#### Exercise directions
Lines to return, exactly: from the line with "Рубашка из хлопка" to the line with "Scheelde 64 cent." in the entries below, both included.

#### Given records
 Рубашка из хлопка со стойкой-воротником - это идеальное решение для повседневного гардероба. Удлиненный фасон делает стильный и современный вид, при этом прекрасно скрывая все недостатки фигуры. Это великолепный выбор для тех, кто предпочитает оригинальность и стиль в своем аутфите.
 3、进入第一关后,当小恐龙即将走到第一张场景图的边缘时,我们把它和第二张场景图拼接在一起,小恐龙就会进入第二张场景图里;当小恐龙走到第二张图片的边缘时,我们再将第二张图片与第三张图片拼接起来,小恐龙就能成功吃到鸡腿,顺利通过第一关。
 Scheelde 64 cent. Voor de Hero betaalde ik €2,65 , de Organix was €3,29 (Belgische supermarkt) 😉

...

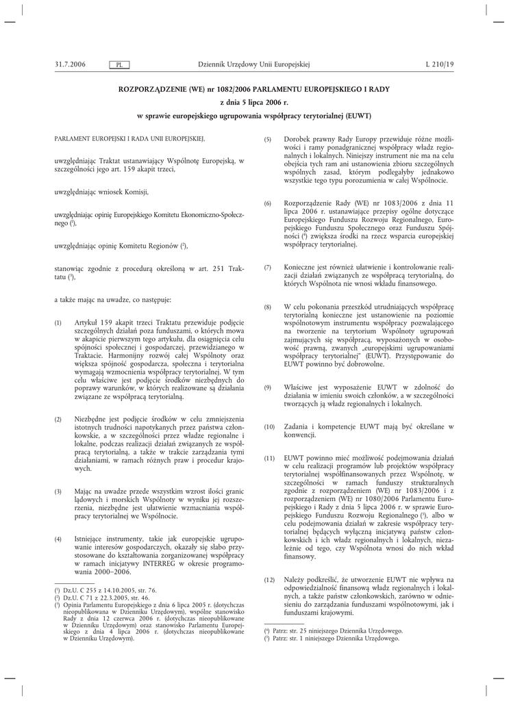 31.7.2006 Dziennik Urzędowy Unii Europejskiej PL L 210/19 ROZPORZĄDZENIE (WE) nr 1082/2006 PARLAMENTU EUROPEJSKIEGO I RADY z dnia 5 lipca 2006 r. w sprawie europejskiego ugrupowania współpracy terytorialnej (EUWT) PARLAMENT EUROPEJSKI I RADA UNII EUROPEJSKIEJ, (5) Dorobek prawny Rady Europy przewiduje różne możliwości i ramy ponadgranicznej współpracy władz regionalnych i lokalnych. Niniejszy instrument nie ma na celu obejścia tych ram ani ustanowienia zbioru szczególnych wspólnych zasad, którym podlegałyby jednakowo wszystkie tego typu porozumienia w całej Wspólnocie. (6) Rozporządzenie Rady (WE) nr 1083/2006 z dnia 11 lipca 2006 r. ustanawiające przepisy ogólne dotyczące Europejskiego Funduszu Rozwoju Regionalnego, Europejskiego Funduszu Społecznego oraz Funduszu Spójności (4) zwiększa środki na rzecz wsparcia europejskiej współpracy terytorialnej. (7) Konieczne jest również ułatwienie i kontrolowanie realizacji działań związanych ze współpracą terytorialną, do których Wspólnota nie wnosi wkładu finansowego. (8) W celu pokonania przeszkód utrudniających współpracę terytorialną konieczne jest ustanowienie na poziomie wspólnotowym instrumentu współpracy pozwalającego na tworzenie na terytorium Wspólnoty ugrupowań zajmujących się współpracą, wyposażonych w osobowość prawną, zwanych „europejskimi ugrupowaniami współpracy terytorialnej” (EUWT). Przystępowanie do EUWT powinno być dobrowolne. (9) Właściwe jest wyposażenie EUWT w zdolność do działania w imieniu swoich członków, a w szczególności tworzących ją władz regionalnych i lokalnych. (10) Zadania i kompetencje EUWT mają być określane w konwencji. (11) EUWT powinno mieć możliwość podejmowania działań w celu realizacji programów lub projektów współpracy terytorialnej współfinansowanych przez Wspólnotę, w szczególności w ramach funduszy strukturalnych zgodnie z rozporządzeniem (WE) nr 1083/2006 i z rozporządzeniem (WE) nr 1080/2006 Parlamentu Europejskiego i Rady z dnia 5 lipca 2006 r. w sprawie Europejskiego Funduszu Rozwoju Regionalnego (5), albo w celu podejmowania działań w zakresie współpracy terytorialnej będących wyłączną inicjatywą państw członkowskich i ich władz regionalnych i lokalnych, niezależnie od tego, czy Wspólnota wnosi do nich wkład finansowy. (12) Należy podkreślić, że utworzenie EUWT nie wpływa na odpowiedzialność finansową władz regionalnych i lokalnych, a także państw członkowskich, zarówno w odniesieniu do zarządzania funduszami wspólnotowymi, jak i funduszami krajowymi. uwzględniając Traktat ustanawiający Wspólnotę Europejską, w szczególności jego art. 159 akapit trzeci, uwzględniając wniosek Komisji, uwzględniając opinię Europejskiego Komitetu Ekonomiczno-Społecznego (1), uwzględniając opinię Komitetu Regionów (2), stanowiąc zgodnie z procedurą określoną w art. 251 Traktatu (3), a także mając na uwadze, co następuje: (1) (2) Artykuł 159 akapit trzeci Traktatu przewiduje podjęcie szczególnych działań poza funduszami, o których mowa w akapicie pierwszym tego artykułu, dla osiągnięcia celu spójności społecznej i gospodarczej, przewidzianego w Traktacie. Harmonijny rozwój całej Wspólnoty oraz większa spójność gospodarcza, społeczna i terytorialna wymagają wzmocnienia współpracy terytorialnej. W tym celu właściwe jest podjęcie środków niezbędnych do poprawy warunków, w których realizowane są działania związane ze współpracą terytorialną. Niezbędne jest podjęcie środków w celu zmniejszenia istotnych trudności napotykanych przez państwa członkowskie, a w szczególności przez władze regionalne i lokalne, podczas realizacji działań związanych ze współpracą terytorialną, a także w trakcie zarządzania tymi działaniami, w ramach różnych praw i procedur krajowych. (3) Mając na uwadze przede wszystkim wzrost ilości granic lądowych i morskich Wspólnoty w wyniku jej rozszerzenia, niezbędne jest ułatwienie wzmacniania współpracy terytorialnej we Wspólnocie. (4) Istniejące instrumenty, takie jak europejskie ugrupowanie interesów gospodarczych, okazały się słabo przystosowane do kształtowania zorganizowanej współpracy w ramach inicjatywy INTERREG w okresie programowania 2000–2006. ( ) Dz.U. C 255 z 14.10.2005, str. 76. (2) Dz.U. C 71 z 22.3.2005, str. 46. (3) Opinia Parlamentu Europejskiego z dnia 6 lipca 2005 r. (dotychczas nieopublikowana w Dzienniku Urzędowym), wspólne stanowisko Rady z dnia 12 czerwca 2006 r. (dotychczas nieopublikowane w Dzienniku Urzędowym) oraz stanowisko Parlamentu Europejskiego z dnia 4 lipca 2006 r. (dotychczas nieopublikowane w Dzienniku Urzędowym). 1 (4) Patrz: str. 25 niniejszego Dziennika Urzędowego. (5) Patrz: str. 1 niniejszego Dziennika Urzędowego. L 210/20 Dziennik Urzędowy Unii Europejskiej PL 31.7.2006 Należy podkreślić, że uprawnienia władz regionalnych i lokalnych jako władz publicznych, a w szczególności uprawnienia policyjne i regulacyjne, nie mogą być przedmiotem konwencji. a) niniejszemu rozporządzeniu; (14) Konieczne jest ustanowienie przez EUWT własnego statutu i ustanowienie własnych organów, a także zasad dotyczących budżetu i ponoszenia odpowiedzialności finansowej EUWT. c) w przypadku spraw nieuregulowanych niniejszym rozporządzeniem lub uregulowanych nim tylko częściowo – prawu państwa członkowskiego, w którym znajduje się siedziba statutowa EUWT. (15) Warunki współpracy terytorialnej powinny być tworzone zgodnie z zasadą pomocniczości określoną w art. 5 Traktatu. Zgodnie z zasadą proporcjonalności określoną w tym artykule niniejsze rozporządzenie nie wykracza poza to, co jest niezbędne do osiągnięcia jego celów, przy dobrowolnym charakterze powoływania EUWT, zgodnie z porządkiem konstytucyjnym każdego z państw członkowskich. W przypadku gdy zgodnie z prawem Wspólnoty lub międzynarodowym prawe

#### Result of this exercise
 Рубашка из хлопка со стойкой-воротником - это идеальное решение для повседневного гардероба. Удлиненный фасон делает стильный и современный вид, при этом прекрасно скрывая все недостатки фигуры. Это великолепный выбор для тех, кто предпочитает оригинальность и стиль в своем аутфите.
 3、进入第一关后,当小恐龙即将走到第一张场景图的边缘时,我们把它和第二张场景图拼接在一起,小恐龙就会进入第二张场景图里;当小恐龙走到第二张图片的边缘时,我们再将第二张图片与第三张图片拼接起来,小恐龙就能成功吃到鸡腿,顺利通过第一关。
 Scheelde 64 cent. Voor de Hero betaalde ik €2,65 , de Organix was €3,29 (Belgische supermarkt) 😉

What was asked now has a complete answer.